Deft molecular detective work at Duke University Medical Center suggests that scientists may soon be able to resurrect niacin as one of the best and cheapest ways to manage cholesterol.
Niacin, also known as nicotinic acid or vitamin B3, has long been regarded as one of the most effective weapons in managing cholesterol. It can lower levels of triglycerides, fatty acids and to a lesser extent, the "bad" kind of cholesterol (LDL) while at the same time powerfully increasing the "good" kind (HDL).
But there’s a catch – a big one. Patients don’t like to take niacin because in most of them, it causes embarrassing, uncontrollable intense flushing, a rush of blood to the face and other skin surfaces accompanied by a prickling sensation.
Now, however, scientists have identified the discrete molecular pathways that are triggered when niacin enters the body, and they say that knowledge may lead to a revival of niacin-based treatments as therapies of choice. Their discovery appears in the Journal of Clinical Investigation.
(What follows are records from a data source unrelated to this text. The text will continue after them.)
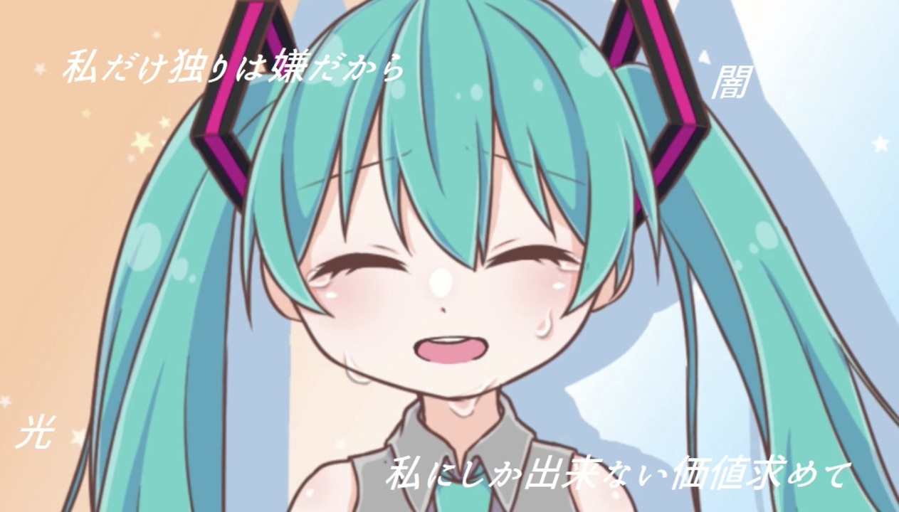 『私だけ独りは嫌だから』<br><br>6作目『±0』<br>※真島ゆろさん主催 曲名統一祭2021参加作品<br><br>vocal:初音ミク<br>music:榊みむ<br><a href="https://mobile.twitter.com/Kashiwa_mimu" target="_blank" rel="noopener nofollow">https://mobile.twitter.com/Kashiwa_mimu</a><br>illustration&movie:霧也。<br><a href="https://mobile.twitter.com/kiriya_ff" target="_blank" rel="noopener nofollow">https://mobile.twitter.com/kiriya_ff</a><br><br>inst:<a href="https://piapro.jp/t/4yF4" target="_blank" rel="noopener nofollow">https://piapro.jp/t/4yF4</a><br><br>【歌詞】<br><br>もしもあなたには感情がないの<br>なんて言われたらどうするの<br>私から見たら何にもなれない<br>何をやるにも中途半端<br><br>そんなこと急に言われたとしても<br>変われるところなんて無いけれど<br>少しでも君と交われるのなら<br>せめて歌だけは譲りたくない<br><br>私にしか出来ない価値求めて<br>気の済むまでまだ時間も止めて<br>陽の光に照らされていたいの<br>私だけ独りは嫌だから<br><br>不満すら笑みさえ表せない<br>今の私でも変われるように<br>さあそのまま闇を駆け抜けてよ<br>私だけ独りは嫌だから<br><br><br><br><br>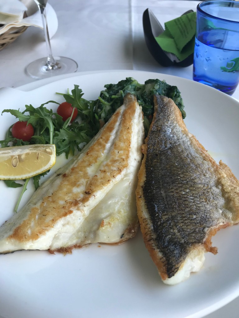 I was drenched with sweat given the heat and humidity and went through four bottles of water along the way. After walking about 3 miles, I stopped at a fancy beachside restaurant for an excellent lunch of freshly caught sea bass and the usual Croatian vegetable dish, washed down with a nice Croatian Pinot Gris. The shade felt great and the mountains and the scenery along the broad sweep of the Adriatic reminded me of Santa Barbara.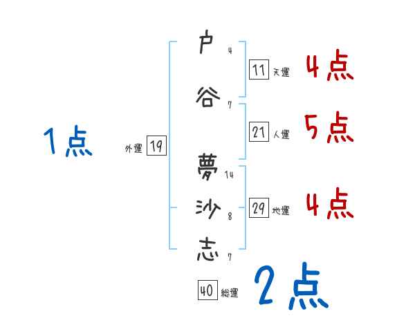 天運![]() | 戸谷夢沙志さんの天運は11画の4つ星!着実に富や地位を得る幸運な人生。 家系が持つ宿命的な運勢を表します。祖先から受け継いだ苗字ですので自分の力が及びません。家柄を象徴します。 |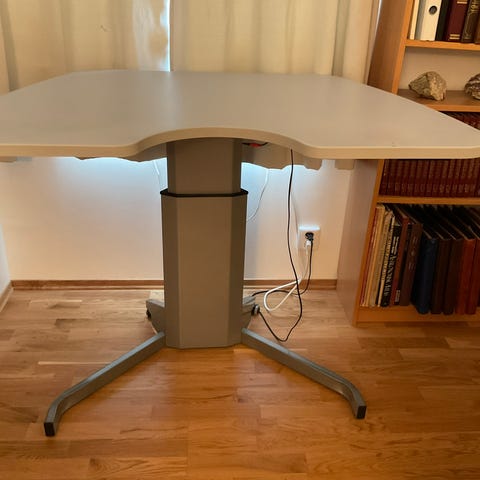 Rammen har elektrisk høydejustering fra ca. 71 til 119 cm og passer til bordplater på 100 og 160 cm bredde. Den leveres med LCD‑kontrollpanel, smart minnefunksjon for lagring av høydeposisjoner og justerbare føtter for tilpasning til underlaget.

"This opens up whole new realms for drug discovery," says Robert Walters, MD, a dermatologist at Duke and the lead author of the study. "Not only could it lead to new niacin-based therapies for cholesterol that patients could actually stick with, but it could also mean new treatments for flushing that comes with some types of allergic reactions, hives, and other disorders."
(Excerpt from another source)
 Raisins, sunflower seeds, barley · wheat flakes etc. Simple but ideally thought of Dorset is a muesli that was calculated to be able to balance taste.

The discovery builds upon a growing body of knowledge at Duke about G protein coupled receptors, molecules that dot cell surfaces throughout the body and manage its response to drugs, hormones, pain, growth factors and many other incoming chemical signals.
Robert Lefkowitz, MD, a Howard Hughes Medical Institute investigator at Duke and the senior author of the study, was the first to identify these receptors and some of the roles they play in health and well-being.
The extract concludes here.